# what pistol is this?



## brataccas (Feb 8, 2013)

bought this last week and it finally arrived by post  I am from Scotland so I am not allowed live handguns 

no idea what this is,



will take some more angles/pics if requested(?) on the right side just above the trigger I can make out a "76" I think


----------



## shaolin (Dec 31, 2012)

looks like a colt 45


----------



## VAMarine (Dec 25, 2008)

That looks like one crusty P35 / HI Power.

Not a Colt, note the trigger and it's pivot pin.


----------



## paratrooper (Feb 1, 2012)

Not sure what it _used to be_, but I'd love to know some of it's history.


----------



## Steve M1911A1 (Feb 6, 2008)

I don't think that it's a WW2 pistol, lost by some Commando trainee in Scotland.
I believe that it's much newer than that. It doesn't have WW2, P.35 characteristics.
I wonder whether it was discarded after some crime or other.

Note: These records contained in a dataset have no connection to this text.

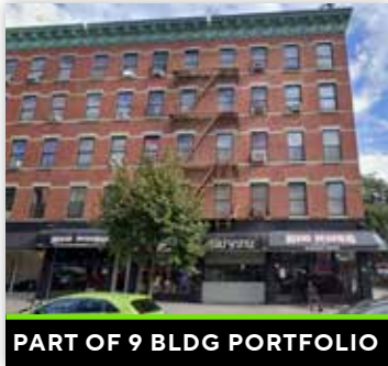
PART OF 9 BLDG PORTFOLIO
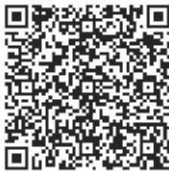
Scan QR Code to Get Quotation by Email
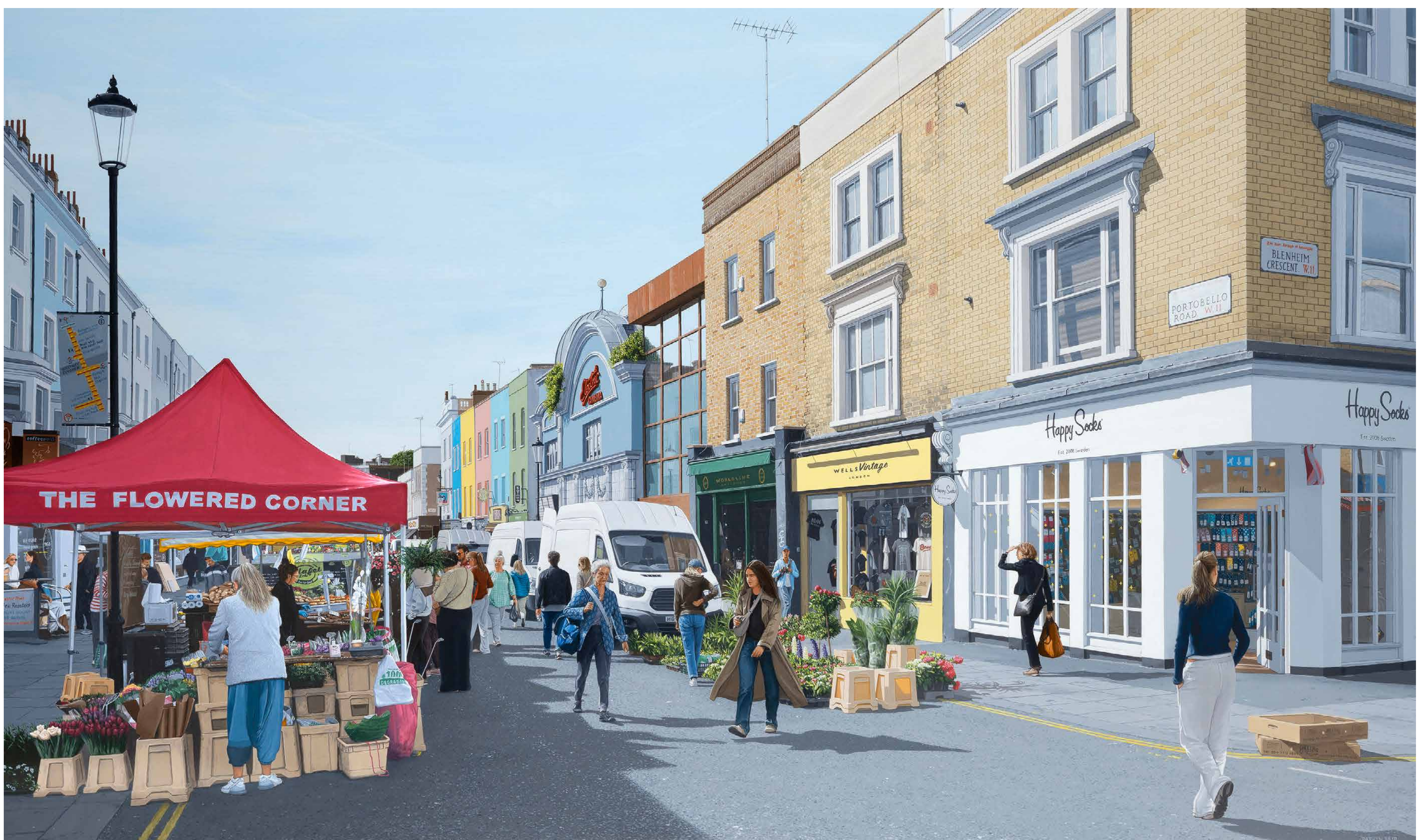
Notting Hill, 2023 Acrylic on panel 25 5/8 x 43 1/4 in 65 x 110 cm
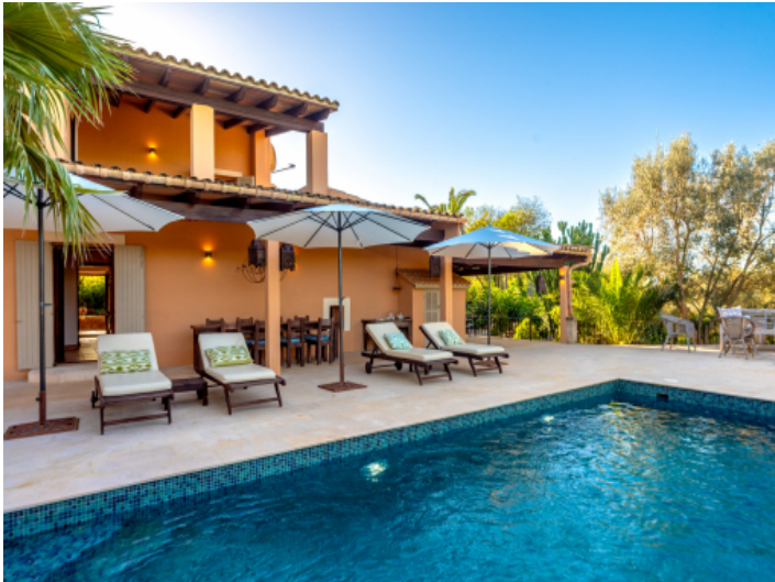
Cosy terrace with pool
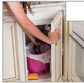
Remove trash bag and wipe inside of cabinet
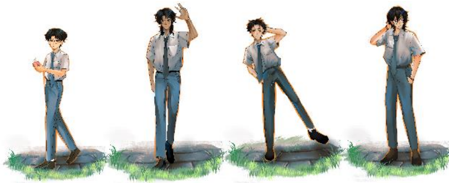
Figure 7. Character fullbody

This character is created based on the diversity of Indonesian society, particularly in Bali, which consists of various skin tones, body shapes, and personalities. As seen in Figure 7, the character is designed to be a teenager to align with the slice-of-life theme of the story and target the Indonesian teenage market aged 17-25, allowing them to relate to the content and conflicts of each character. There are four main characters, focusing on one main character and four other supporting characters.
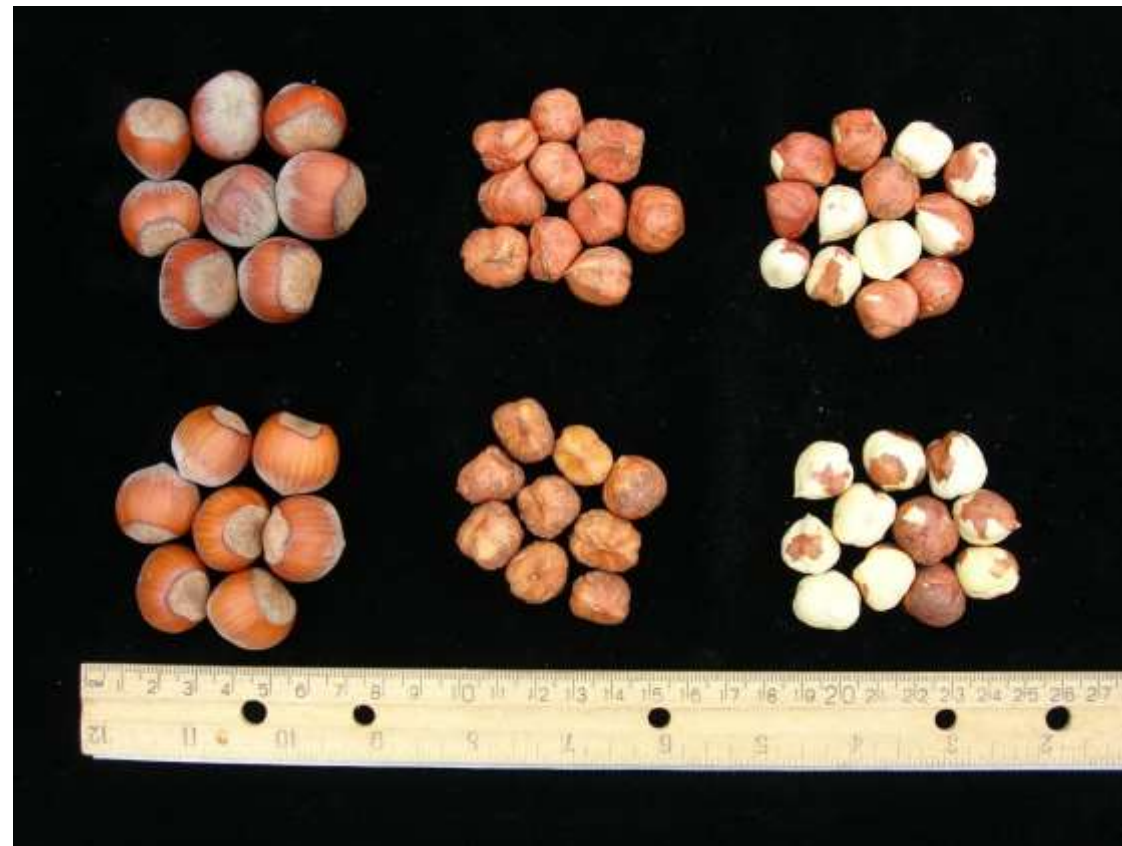
'Barcelona' (top) and 'Jefferson' (bottom)

(Maybe put in a call to DCI Banks, or Mr. Barnaby? :mrgreen


----------



## DJ Niner (Oct 3, 2006)

The frame style is almost certainly P35/Hi-Power, but the slide contours do not match up with any P35/HP or clone that I am aware of.

- The slide is wider at the base than the top.

- The side of the slide is not flat, it shows a radius/rounded area just above the bottom edge, in addition to the normal radius on the top surface.

- The slide, despite its apparent wider bottom edge, does not cover the width of the frame above the trigger guard area, nor does it cover the top rectangular opening in the thicker part of the frame above the grip mounting area (if the slide is not mounted to the frame, or some/all of the frame rails are missing, and the slide is just balanced on top of the frame for photographic purposes, then this observation is invalid and is withdrawn).


Based on the above points, I'd guess that it may be a P35/HP frame with the slide from another handgun placed on top. This might also explain the missing barrel, because while you might be able to force an empty slide from another gun onto a P35/HP frame, having the barrel in the slide could greatly complicate matters, or even prevent the slide's installation.


----------



## denner (Jun 3, 2011)

Wow, where was that retrieved from, the bottom of Lock Ness?


----------



## brataccas (Feb 8, 2013)

DJ Niner said:


> The frame style is almost certainly P35/Hi-Power, but the slide contours do not match up with any P35/HP or clone that I am aware of.
> 
> - The slide is wider at the base than the top.
> 
> ...


how strange 2 guns mixed(?) the whole gun is jammed and I cant move any of the components, trigger slide and hammer pin all rock solid


----------



## Hurryin' Hoosier (Jan 8, 2011)

Looks like a recent Glock prototype.


----------



## Huckleberry44 (Feb 6, 2013)

VAMarine said:


> That looks like one crusty P35 / HI Power.
> 
> Not a Colt, note the trigger and it's pivot pin.


Exactly what I thought, although something looks funny with the top of the slide. Can't tell if it's the lighting or what... I have a Hi-Power, so I'm awfully familiar with the lines. Do you have any other photos? That's a cool piece of iron...


----------



## pic (Nov 14, 2009)

You are one dedicated handgun enthusiast. What are the penalties for possessing a live handgun in Scotland. My Mother is of the Turnbull Clan.


----------



## GlockGirl (Feb 16, 2013)

I am from Scotland too, if you are in possession of a pistol in Scotland I believe you could serve 2-5 years in prison, however I am not entirely sure as it´s not something that happens often.


----------